Saved entries
▬▬▬▬▬▬

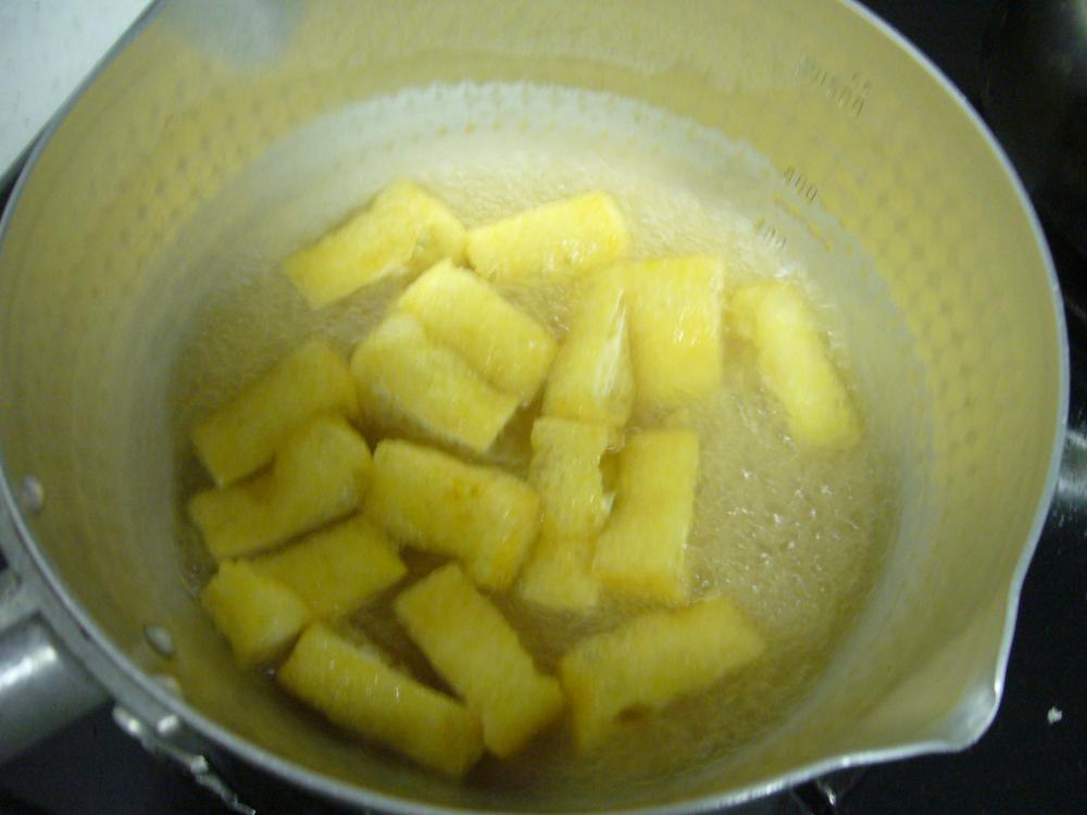 ![]() 手鍋にAを入れ、沸騰したら油揚げを入れる。
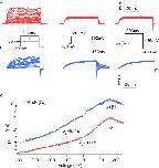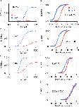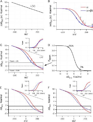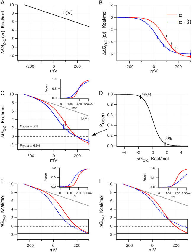 Figure 10. Examining the effects of β1 in energetic terms. (A) Plot of the sum of terms 3 and 4 from Eq. 15. (B) Plots of term 2 from Eq. 15 using either the BKα (red) or BKα+β1 (blue) voltage-sensing parameters (Table II). (C) Plots for both channels of terms 2, 3, and 4 of Eq. 15 combined. In the inset are drawn simulated Popen–V curves for the BKα and BKα+β1 channels based on the parameters in Table II and assuming 0 Ca2+. The boxed region indicates the energy range over which Popen moves from 0.05 (top of box) to 0.95 (bottom of box). A full Popen vs. ΔGO−C is shown in D. In E, a plot is shown like that in C except that Vho for the BKα+β1 channel has been set to −44 mV such that Vhc and Vho shift equally upon β1 coexpression. (F) Here Vho for the BKα+β1 channel has been set to −20 mV to mimic a larger change in the coupling factor D upon β1 coexpression.
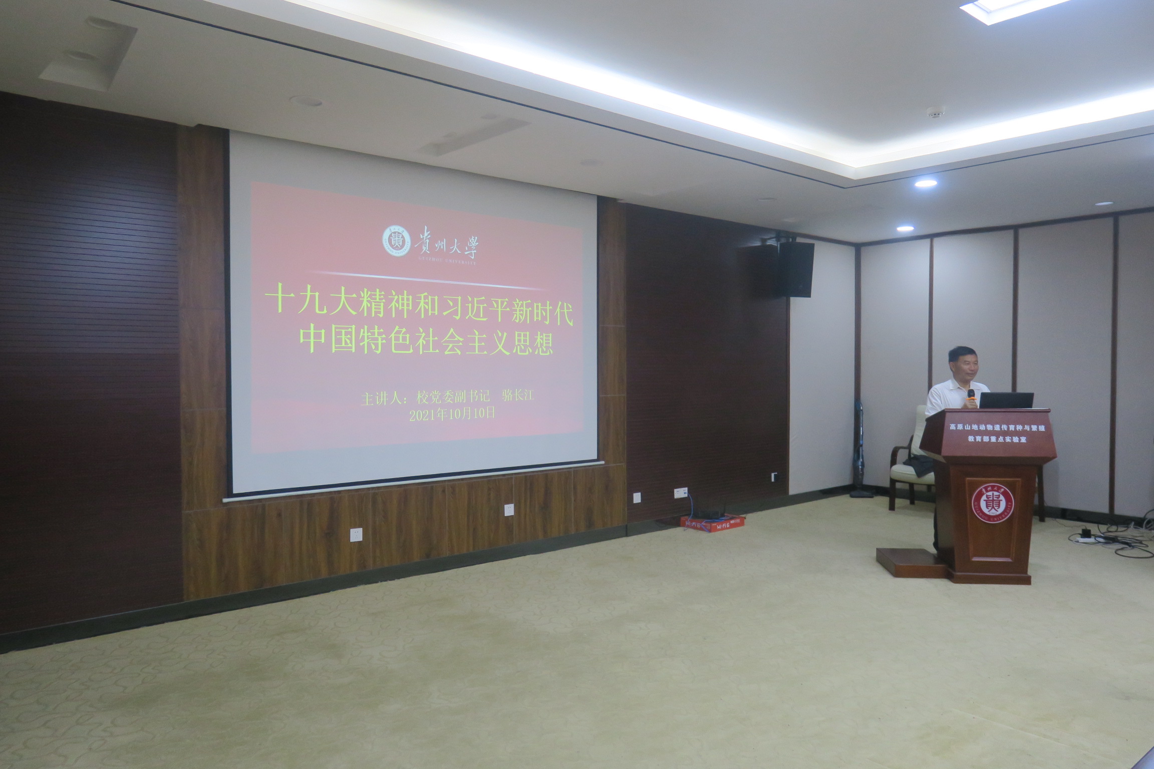 2021年10月10日下午2:30,校党委副书记骆长江在崇学楼324为动物科学学院第三十五期入党积极分子培训班学员授课。授课内容为《党的十九大精神和习近平新时代中国特色社会主义思想》,党课由动物科学学院党委书记罗聃宁主持,入党积极分子50余人参加培训。
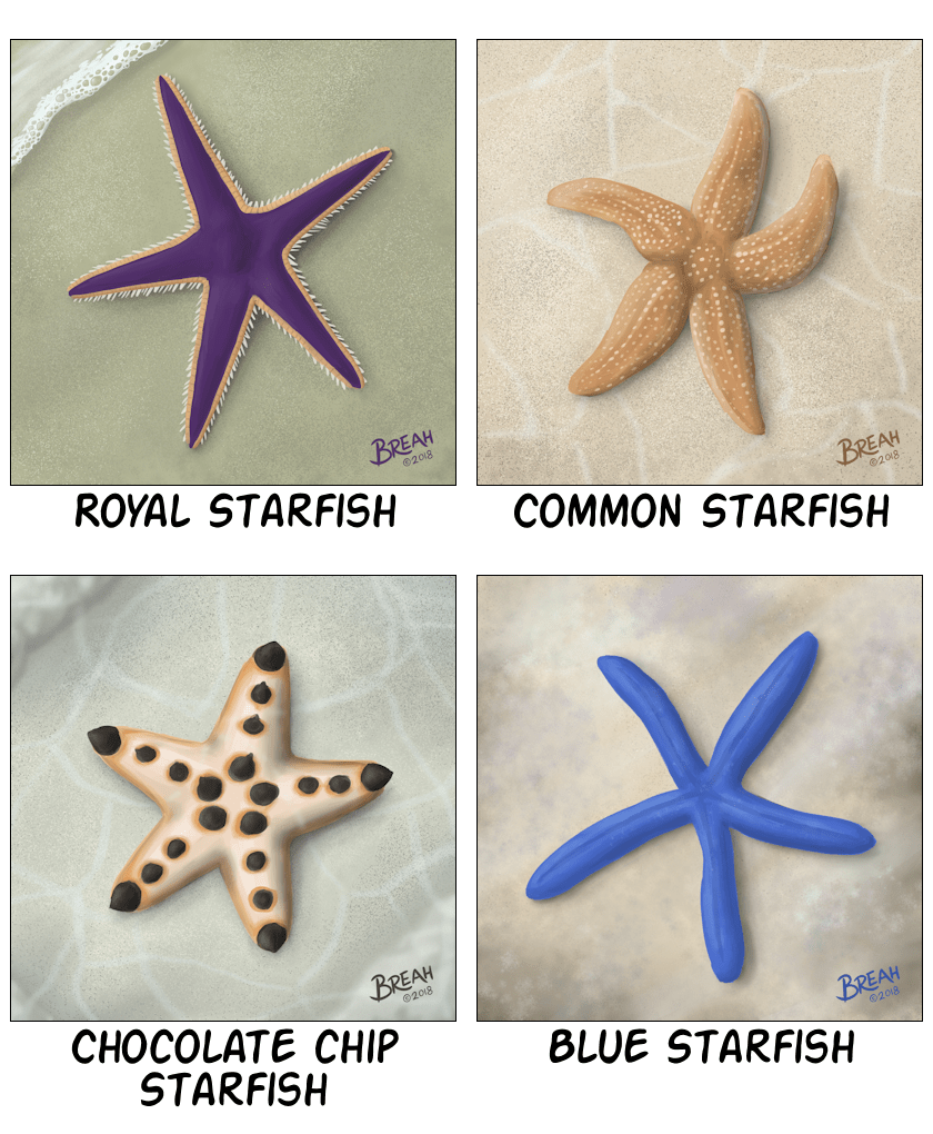 Starfish, or more appropriately called Sea Stars, are actually a type of invertebrate known as echidnoderms (from the Ancient Greek word meaning hedgehog, or spiny, skin).
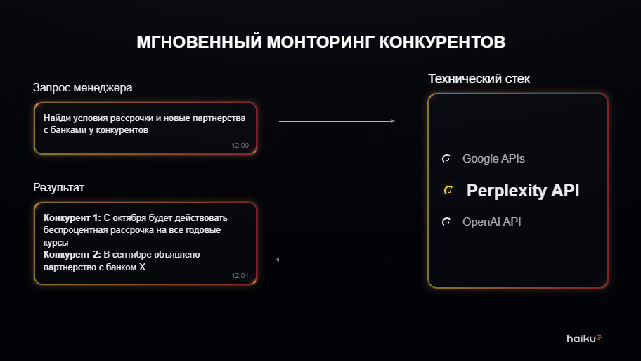 Компания перестала «догонять» рынок. Стратегические и маркетинговые решения теперь принимаются на основе свежих данных, а не ретроспективных обзоров. Если вы чувствуете, что конкурентный ландшафт меняется быстрее, чем успевает реагировать ваша команда, используйте ИИ-агентов или готовые системы для решения этой задачи. Важно выстроить процесс, который обновляет информацию ежедневно, без ручного труда и с нужным уровнем детализации. Если вы видите похожую задачу у себя — мы готовы показать, как она решается на практике. Напишите мне на почту sergey.ershov@haiku.dev или в Telegram @Ershovsa. Проведём демо и обсудим вашу ситуацию. Haiku внедряет ИИ-решения, которые органично вписываются в корпоративные процессы, соответствуют требованиям безопасности и масштабируются вместе с вашим бизнесом.

▬▬▬▬▬▬

_EXERCISE INSTRUCTIONS_. Repeat each entry exactly. Pictures do not belong in the copy.

_EXERCISE SOLUTION_.
 ![]() 手鍋にAを入れ、沸騰したら油揚げを入れる。
 Figure 10. Examining the effects of β1 in energetic terms. (A) Plot of the sum of terms 3 and 4 from Eq. 15. (B) Plots of term 2 from Eq. 15 using either the BKα (red) or BKα+β1 (blue) voltage-sensing parameters (Table II). (C) Plots for both channels of terms 2, 3, and 4 of Eq. 15 combined. In the inset are drawn simulated Popen–V curves for the BKα and BKα+β1 channels based on the parameters in Table II and assuming 0 Ca2+. The boxed region indicates the energy range over which Popen moves from 0.05 (top of box) to 0.95 (bottom of box). A full Popen vs. ΔGO−C is shown in D. In E, a plot is shown like that in C except that Vho for the BKα+β1 channel has been set to −44 mV such that Vhc and Vho shift equally upon β1 coexpression. (F) Here Vho for the BKα+β1 channel has been set to −20 mV to mimic a larger change in the coupling factor D upon β1 coexpression.
 2021年10月10日下午2:30,校党委副书记骆长江在崇学楼324为动物科学学院第三十五期入党积极分子培训班学员授课。授课内容为《党的十九大精神和习近平新时代中国特色社会主义思想》,党课由动物科学学院党委书记罗聃宁主持,入党积极分子50余人参加培训。
 Starfish, or more appropriately called Sea Stars, are actually a type of invertebrate known as echidnoderms (from the Ancient Greek word meaning hedgehog, or spiny, skin).
 Компания перестала «догонять» рынок. Стратегические и маркетинговые решения теперь принимаются на основе свежих данных, а не ретроспективных обзоров. Если вы чувствуете, что конкурентный ландшафт меняется быстрее, чем успевает реагировать ваша команда, используйте ИИ-агентов или готовые системы для решения этой задачи. Важно выстроить процесс, который обновляет информацию ежедневно, без ручного труда и с нужным уровнем детализации. Если вы видите похожую задачу у себя — мы готовы показать, как она решается на практике. Напишите мне на почту sergey.ershov@haiku.dev или в Telegram @Ershovsa. Проведём демо и обсудим вашу ситуацию. Haiku внедряет ИИ-решения, которые органично вписываются в корпоративные процессы, соответствуют требованиям безопасности и масштабируются вместе с вашим бизнесом.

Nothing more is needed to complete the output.